Emperor of Jin from 1115 to 1123

Emperor Taizu of Jin (August 1, 1068 – September 19, 1123), personal name Aguda, sinicised name Min (旻 (Mín)), was the founder and first emperor of the Jurchen-led Jin dynasty of China. He was originally the chieftain of the Wanyan tribe, the most dominant among the Jurchen tribes which were subjects of the Khitan-led Liao dynasty. Starting in 1114, Aguda united the Jurchen tribes under his rule and rebelled against the Liao dynasty. A year later, he declared himself emperor and established the Jin dynasty. By the time of his death, the Jin dynasty had conquered most of the Liao dynasty's territories and emerged as a major power in northern China. In 1145, he was posthumously honoured with the temple name Taizu by his descendant Emperor Xizong.

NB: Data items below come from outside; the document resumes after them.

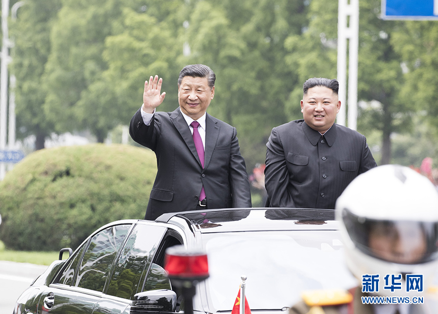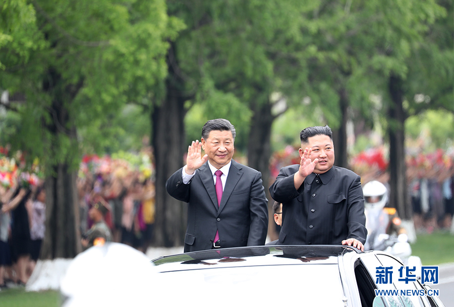 6月20日,中共中央總書記、國家主席習近平乘專機抵達平壤,開始對朝鮮民主主義人民共和國進行國事訪問。朝鮮勞動黨委員長、國務委員會委員長金正恩和夫人李雪主到機場熱情迎接習近平和夫人彭麗媛。朝方在機場舉行隆重歡迎儀式。歡迎儀式結(jié)束后,習近平與金正恩同車前往錦繡山太陽宮廣場,沿途數(shù)十萬群眾夾道歡迎。 新華社記者 申宏 攝
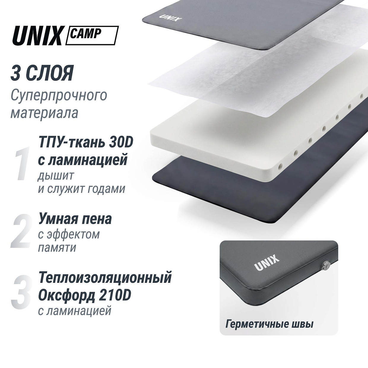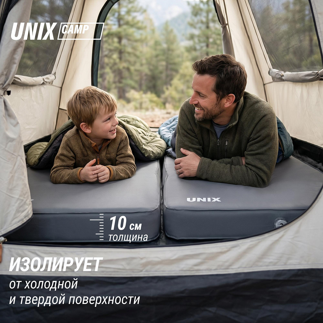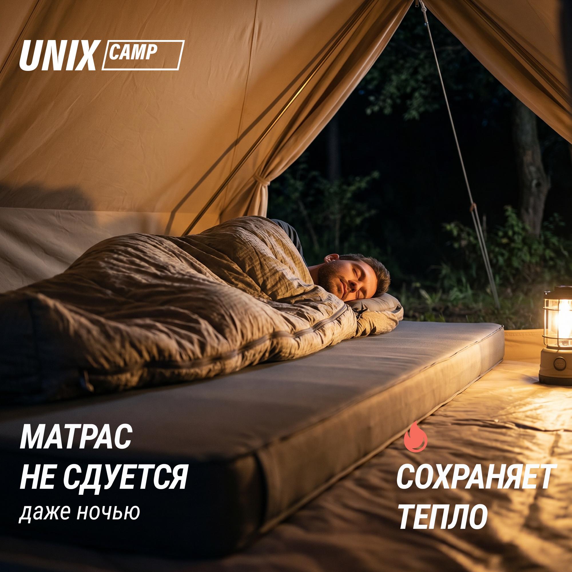 Туристический матрас UNIX Camp 195×80×10 см — одноместное всесезонное спальное место для любых условий: на кемпинге, под открытым небом, в автомобиле или на даче. Допустимая нагрузка — 150 кг.
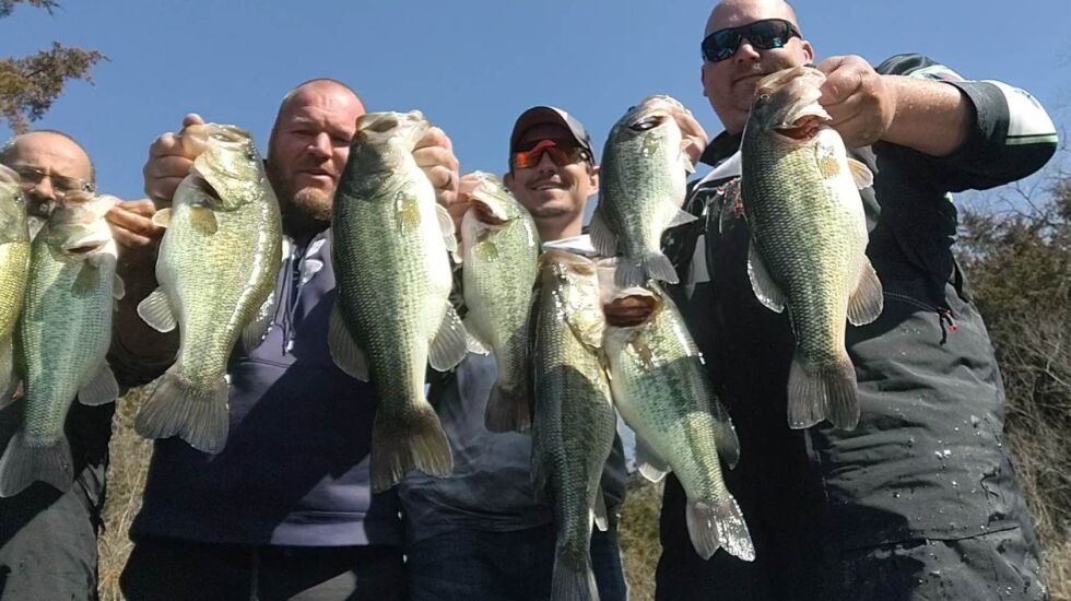 First time having 4 in the boat. Everyone still caught fish. Hot side 80. Mid pool 68/70. Cold side 58. Caught 47 bass. 8 stripers and a few cats. Not the numbers I’m used to opening day but still a great day with a great average size.
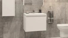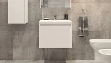 - Зеркальный шкаф Флай 60 см отражает современные тенденции в дизайне мебели для ванных комнат: минимализм с простыми и понятными формами, цвета дуба с текстурой, отсутствие лишних деталей.
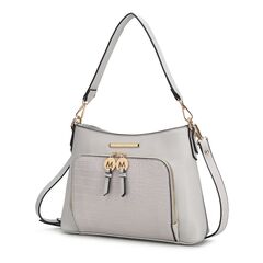 Our Anayra Handbag/Shoulder Bag effortlessly combines style with versatility. The Anayra Handbag/Shoulder Bag unzips to reveal a fully lined interior with slip pockets and a wall zippered pocket. Wear it on your shoulder/ Handbag or adjust the detachable strap to style it crossbody. The Anayra Handbag has a front pocket crafted from luxe crocodile-embossed vegan leather and a back zippered pocket. The bag is designed with gold-tone embellishments, has a structured silhouette and a flat base with feet for stability.POCKETS - Interior features a wall zip pocket and two slip pockets. Exterior features one zippered back pocket and one zippered front pocketMeasurements - 11” W x 7.5” H x 2.5” DHandle Drop - 8”Adjustable and Removable strap - 15”-28”
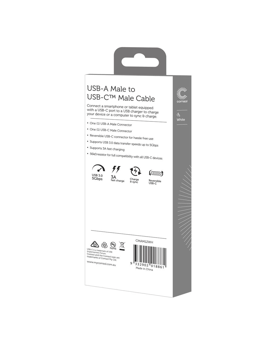 Sold by OfficeworksComsol USB-A to USB-C USB 3.0 Cable 1.2m White
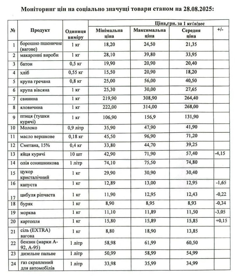 Кременчуцьке районне управління Держпродспоживслужби провело моніторинг цін на соціально значущі товари у торгівельних закладах району станом на 28 серпня. З цією інформацією наше видання ознайомила Кременчуцька районна військова адміністрація.
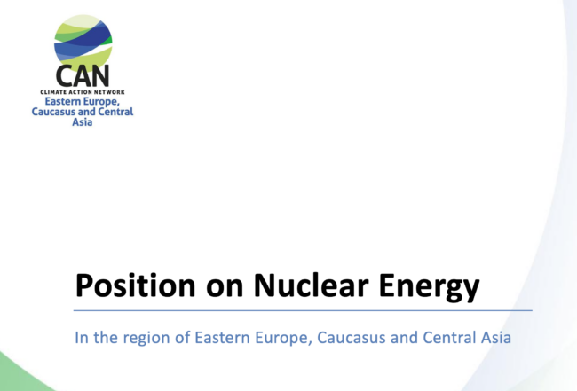 CAN EECCA considers that new nuclear power and fossil-fuel projects should be phased out and their direct and indirect subsidies withdrawn.

The name [Wanyan] Aguda is transcribed [Wan-yen] A-ku-ta in Wade-Giles; the alternative spelling Akutta (possibly from reconstruction of Jurchen language) appears in a very small number of books as well.

==Life==
Aguda was an eighth-generation descendant of Hanpu, the great progenitor of the entire Wanyan clan. His father was Helibo, the chieftain of the Wanyan clan. His mother was a daughter of the chieftain of the Nalan (拿懶 / 拏懶) tribe. He was born in 1068 near the Ashi River within present-day Harbin, Heilongjiang Province. He was well-known within his tribe for his bravery, and had participated in numerous campaigns against rival Jurchen tribes at the command of the Khitan-led Liao dynasty. In 1109, during the height of a widespread famine, Aguda assisted his father in absorbing famished warriors from other Jurchen tribes to strengthen his own tribe. Later, he fought wars against other Jurchen tribes and succeeded in unifying all Jurchens under the Wanyan tribe's leadership.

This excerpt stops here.